Lets try changing it.
with tempfile.TemporaryDirectory() as directory:
metadata_file = Path(directory) / "kernel-metadata.json"
metadata_file.write_text(json.dumps({
"id": "matthewfranglen/test-kernel",
"title": "test-kernel",
"code_file": "test.py",
"language": "python",
"kernel_type": "script",
"is_private": True,
"enable_gpu": False,
"enable_internet": False,
"competition_sources": ["hubmap-kidney-segmentation"],
}))
script_file = Path(directory) / "test.py"
script_file.write_text("""
from pathlib import Path
Path("/kaggle/working/output.txt").write_text("goodbye cruel world!")
""")
response = %sx ! kaggle kernels push --path {directory}
print(response)
['Kernel version 2 successfully pushed. Please check progress at https://www.kaggle.com/matthewfranglen/test-kernel']
Once again it has worked!
This actually seems quite straightforward.

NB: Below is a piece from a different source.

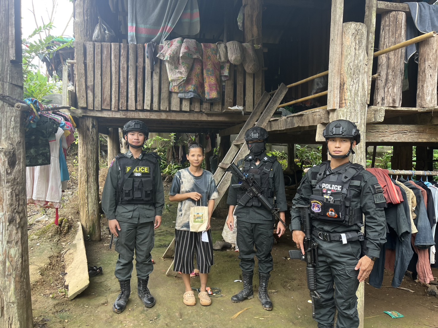 เมื่อ 261430 ส.ค. 68 มว.ตชด.3443 จัดให้ จ.ส.ต.ศิริศักดิ์ เสียงสนั่น  พร้อม กพ. รวม 4 นาย ตั้งจุดสกัดบ้านเเกลมือโจ๊ะและพบปะเยี่ยมเยือน ปชช.ใน พท.รับผิดชอบ/แจกจ่ายยาเวชภัณฑ์ ใน พท. ม.8ต. แม่ต้าน อ.ท่าสองยาง จว.ตาก พิกัด 47QMV 2484603527 พร้อม ออกตรวจ ใน พท.ฯ ม.2,ม.8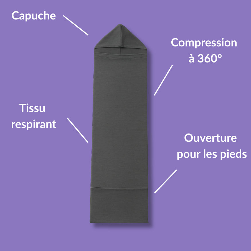 Snuggy est un cocon de sommeil, conçu pour offrir une compression douce et homogène, aidant à favoriser l’apaisement du système nerveux et à soutenir un sommeil plus profond et plus réparateur.

As far as integrating this with git - I don’t think it’s possible. The kaggle API cannot reasonably be added as a remote as it has rather different behaviour. While a push hook could be used to keep the Kaggle kernel up to date, I think I would rather use a make target to manually update it.
If only there was a way to handle multiple files in a kernel, then working with Kaggle would integrate much more tightly with my existing workflow. Perhaps I can create an auto script smasher that puts all of the different files into one? Something for another day I think.